### Problem to work on
Exactly as written, set down the lines from the top of the entries through the line bearing "Plate boundaries vector", with every picture left out.

((

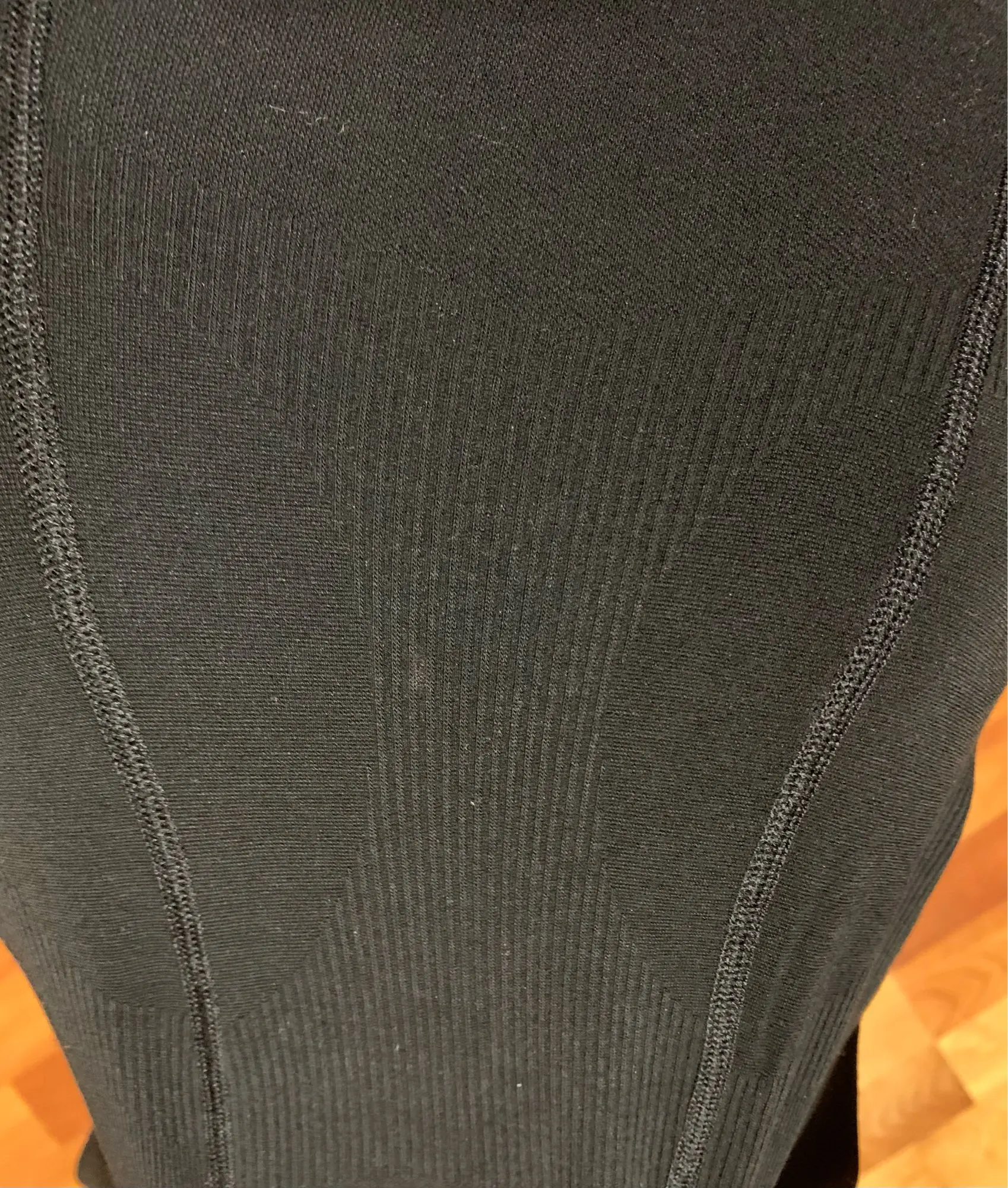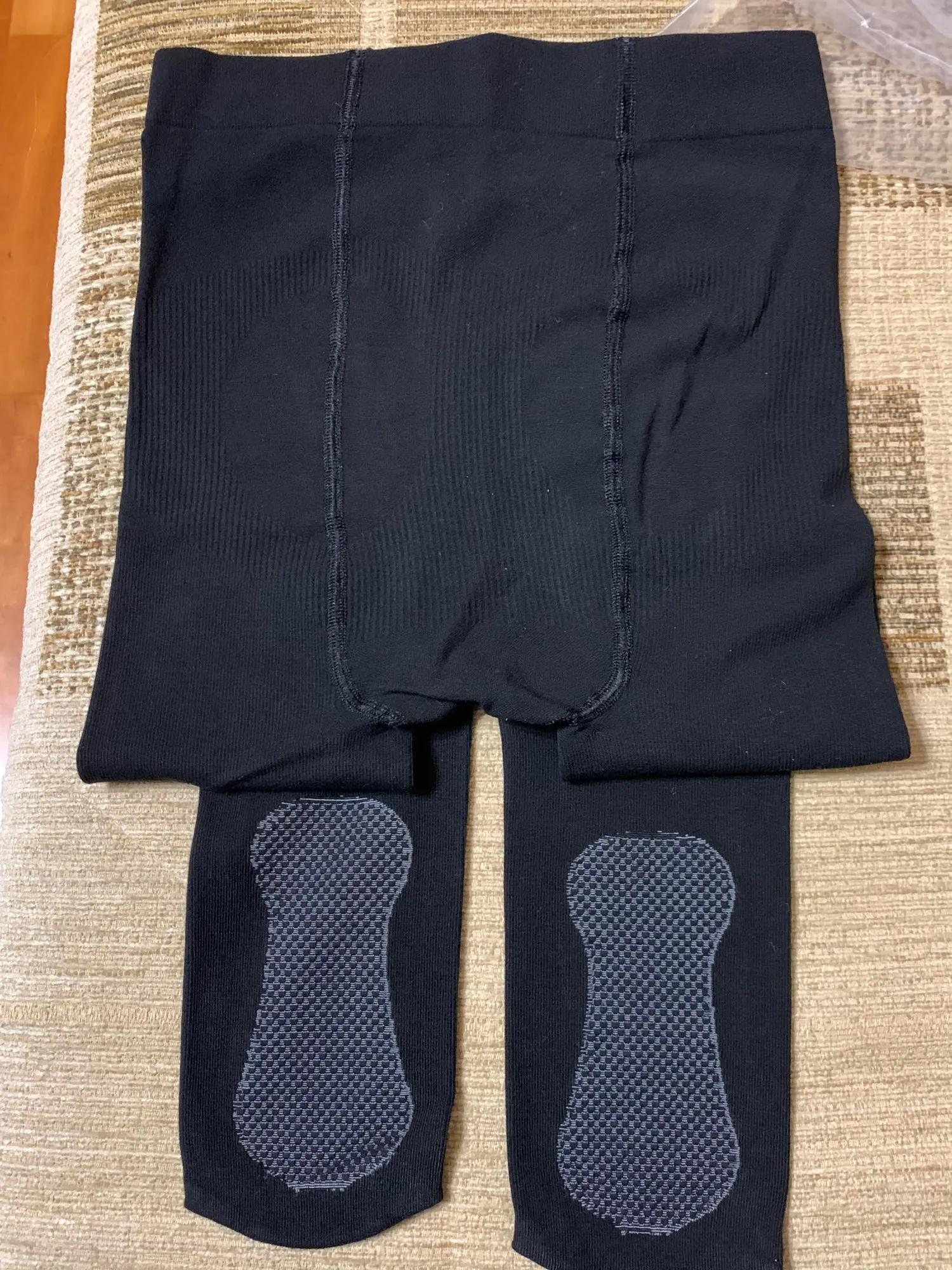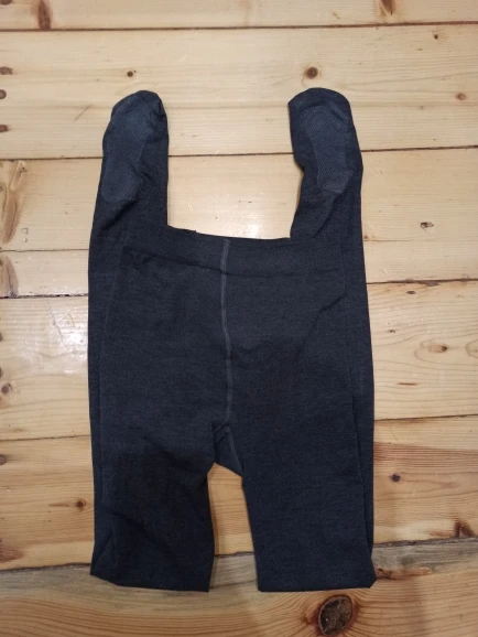 Очень хорошие колготки, плотные, но они не теплые и не похожи на то, что в составе есть шерсть или х/б, полностью синтетика. В ширину тянутся, но очень тугие, впечатление как в компрессионных чулках. Чтобы растянуть, надо сильно постараться (на последнем фото с силой натягивала на костяшки пальцев. Сзади два шва и усиленный рубчик с окружностями для поднятия ягодиц, спереди такой же рубчик должен утягивать живот, но по мои ощущениям "утяжки" на животе/бедрах вообще нет, даже не сравнится с утяжкой по длине ноги. На стопе - следок для анти-скольжения, но он коротенький, около 12 см, на европейской ноге скорее работает индикатором стопы. Пошив очень аккуратный, шва ровные, вязка гладкая, рубчик на ноге не видно от слова совсем, просто гладенькие.
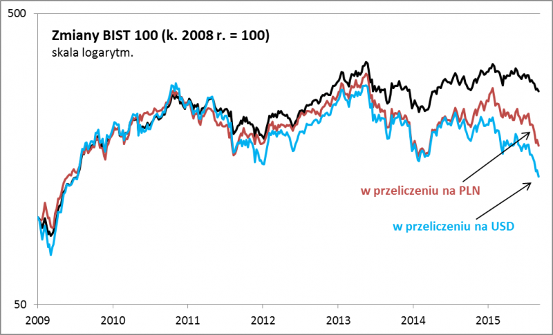 Sęk w tym, że dla inwestorów zagranicznych (w tym polskich) liczą się także zmiany kursu walutowego, a w przypadku liry są one wyjątkowo dynamiczne. Efekt jest taki, że w przeliczeniu na złote lub dolary wykres BIST 100 nie wygląda już tak "ładnie". "Złotówkowy" BIST 100 cofnął się ostatnio do poziomów najniższych od prawie półtora roku, a "dolarowy" - znalazł się najniżej od sześciu lat.
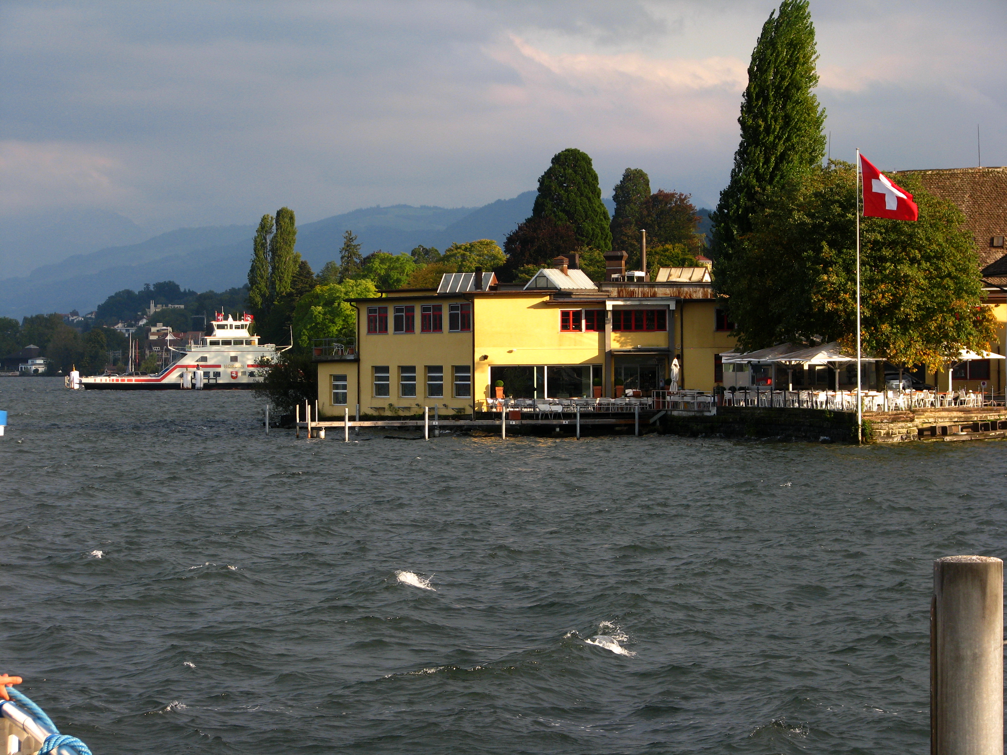 Description: Lake Zürich : Restaurant at Horgen harbour, Ferry ship «Horgen» and en:Zimmerberg in the background.
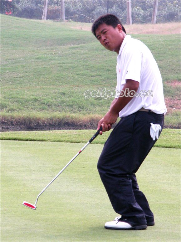 首轮与李超、廖贵明、吴伟煌、张连伟同排名第一位的国家队选手樊志鹏,继昨天69杆的好成绩后,今天继续好势头,打出70杆-2。樊志鹏今天与尚磊、刘安达同组,于8:20从1号洞出发。他今天上下半场打的很平均,都分别捉了2只鸟,吃了1个博基,成绩都是35杆。第二轮樊志鹏的成绩是70杆-2。
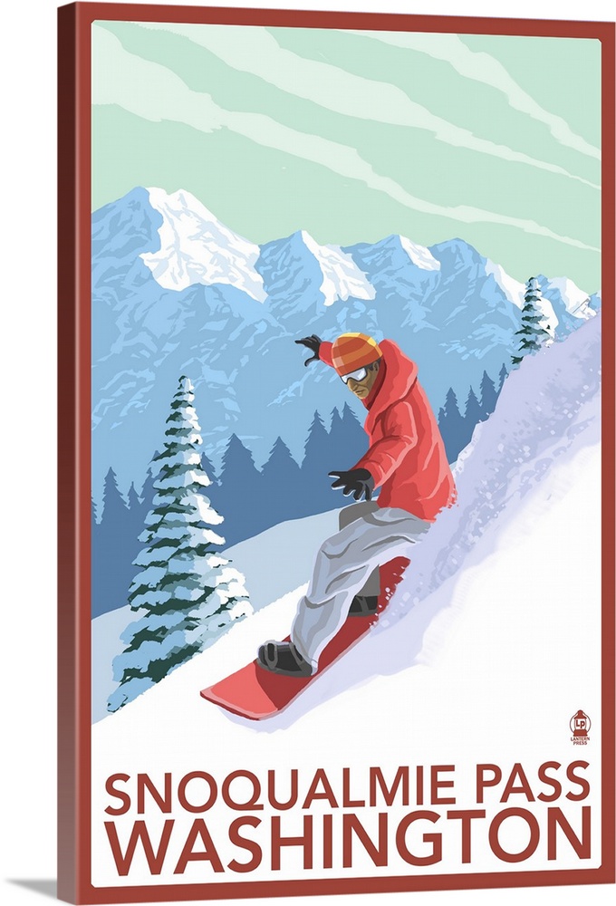 Snowboarder Scene - Snoqualmie Pass, Washington: Retro Travel Poster
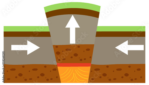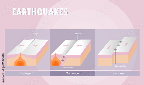 Plate boundaries vector illustration. Labeled tectonic movement comparison.
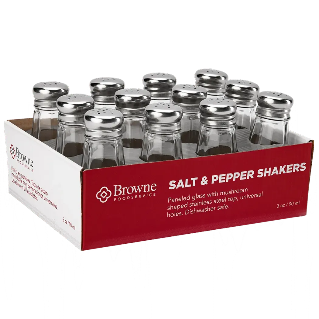 Enhance your restaurant's offerings with the Browne Foodservice, 575223 Tabletop Accessories - Shakers & Pourers. This set of 12 S&P shakers is a must-have for any commercial restaurant. Each shaker is made of durable glass with a stainless steel top, ensuring long-lasting use in a busy kitchen environment. With a capacity of 3oz/90ml, these shakers are perfect for seasoning dishes and adding a touch of flavor to your culinary creations. These shakers are not only practical but also visually appealing, adding a touch of elegance to your tabletop presentation. Whether you're a fine dining establishment or a casual eatery, the Browne Foodservice, 575223 Tabletop Accessories - Shakers & Pourers will elevate your dining experience and impress your customers.
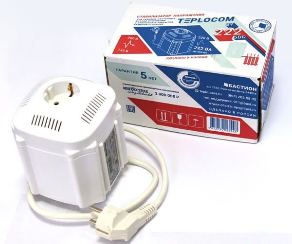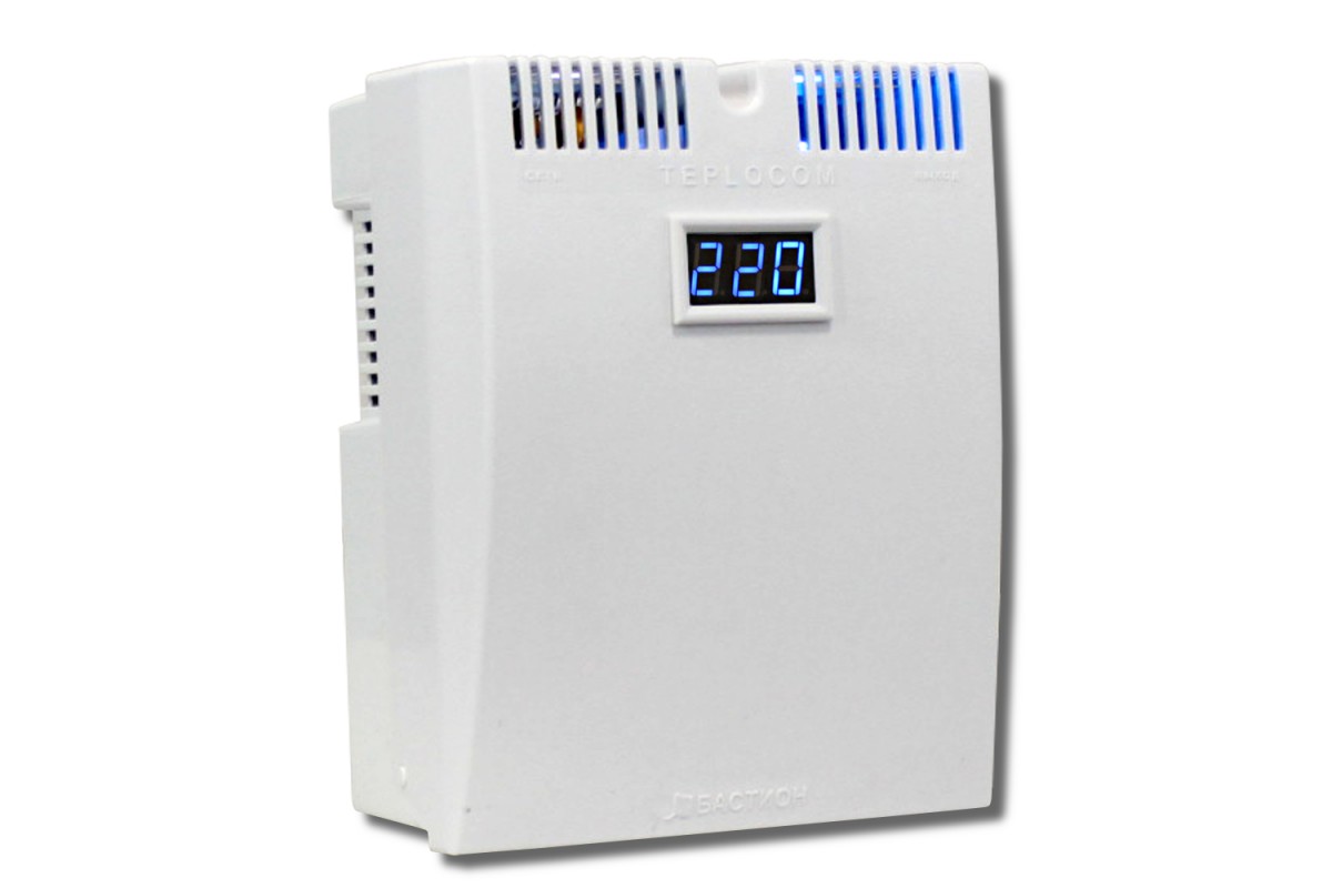 - Bastion Teplocom ST-555. Un autre modèle de type relais, mais dont la puissance est d'un ordre de grandeur inférieur - 280 W, et la tension d'entrée est de 145 ... 260 V. De plus, contrairement à la marque Resant, le temps de réaction de Bastion est de 20 ms, et le nombre de étapes est seulement trois. De plus, l'appareil chauffe pendant le fonctionnement et il n'y a pas de fusible automatique.
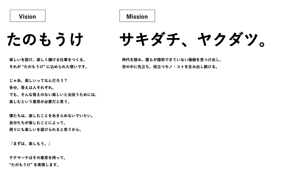 テテマーチが元々掲げていた「ビジョン」「ミッション」について記載させていただくと…
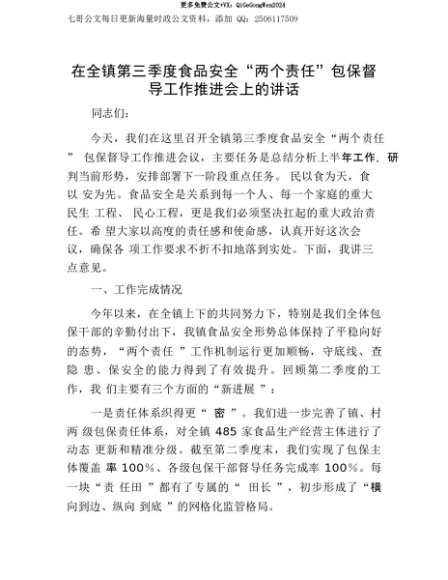 【七哥公文】2025年:【七哥公文】在全镇第三季度食品安全“两个责任”包保督导工作推进会上的讲话+更多免费公文+VX:QiGeGongWen2024+更多免费公文+VX:QiGeGongWen2024
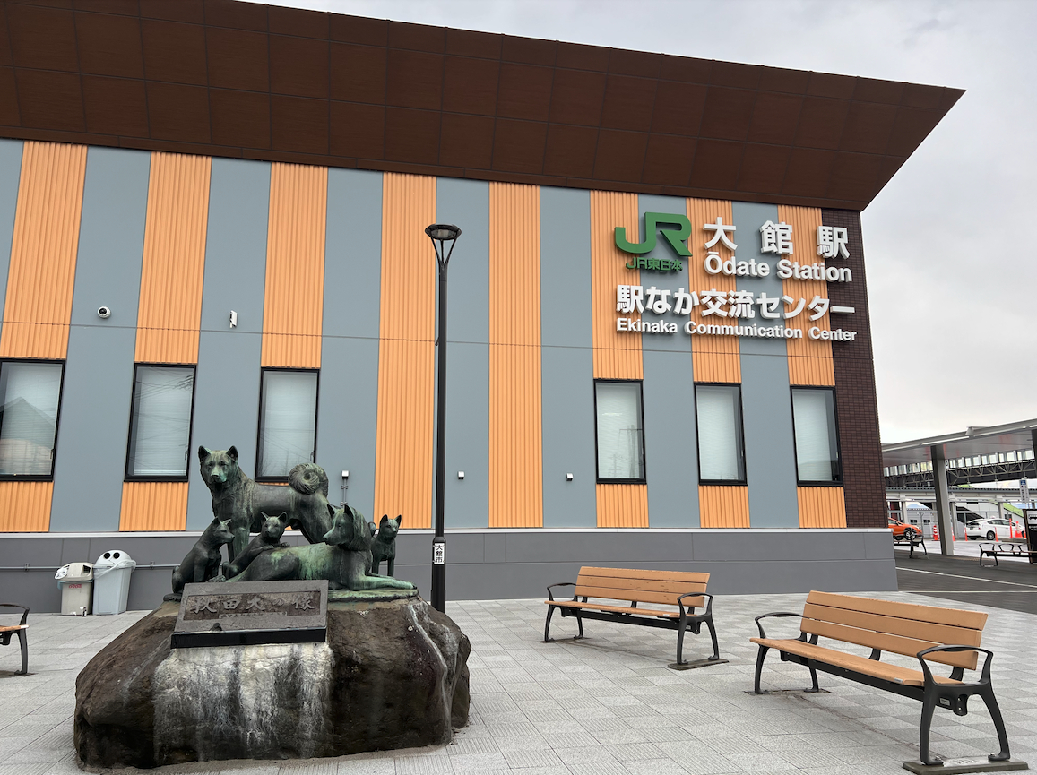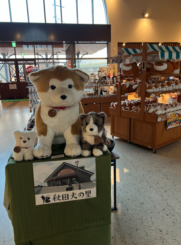 孔代さんの叔母さんとは、高校時代からの友人で、テニス部で絆を深めた仲間。なので私も親戚のおばさんのような感覚です。帰りは、大館から電車に乗ることにしたので、孔代さんが大館駅まで送ってくれました。駅前に「秋田犬の里」という、秋田犬を紹介した施設があり入ってみました。そこで大館で花屋を営んでいるテニス部の先輩に会うという思わぬ奇跡の出会いがあったのです!!これにはおたがいびっくりです!!運良く一昨年テニス部のメンバーが、高校以来集まる機会があり、その時出会ってなければ、今回気がつかなかったはずです。先輩はとても喜んで、秋田犬のぬいぐるみを記念に買ってくださいました。

))

### Answer to the problem
 Очень хорошие колготки, плотные, но они не теплые и не похожи на то, что в составе есть шерсть или х/б, полностью синтетика. В ширину тянутся, но очень тугие, впечатление как в компрессионных чулках. Чтобы растянуть, надо сильно постараться (на последнем фото с силой натягивала на костяшки пальцев. Сзади два шва и усиленный рубчик с окружностями для поднятия ягодиц, спереди такой же рубчик должен утягивать живот, но по мои ощущениям "утяжки" на животе/бедрах вообще нет, даже не сравнится с утяжкой по длине ноги. На стопе - следок для анти-скольжения, но он коротенький, около 12 см, на европейской ноге скорее работает индикатором стопы. Пошив очень аккуратный, шва ровные, вязка гладкая, рубчик на ноге не видно от слова совсем, просто гладенькие.
 Sęk w tym, że dla inwestorów zagranicznych (w tym polskich) liczą się także zmiany kursu walutowego, a w przypadku liry są one wyjątkowo dynamiczne. Efekt jest taki, że w przeliczeniu na złote lub dolary wykres BIST 100 nie wygląda już tak "ładnie". "Złotówkowy" BIST 100 cofnął się ostatnio do poziomów najniższych od prawie półtora roku, a "dolarowy" - znalazł się najniżej od sześciu lat.
 Description: Lake Zürich : Restaurant at Horgen harbour, Ferry ship «Horgen» and en:Zimmerberg in the background.
 首轮与李超、廖贵明、吴伟煌、张连伟同排名第一位的国家队选手樊志鹏,继昨天69杆的好成绩后,今天继续好势头,打出70杆-2。樊志鹏今天与尚磊、刘安达同组,于8:20从1号洞出发。他今天上下半场打的很平均,都分别捉了2只鸟,吃了1个博基,成绩都是35杆。第二轮樊志鹏的成绩是70杆-2。
 Snowboarder Scene - Snoqualmie Pass, Washington: Retro Travel Poster
 Plate boundaries vector illustration. Labeled tectonic movement comparison.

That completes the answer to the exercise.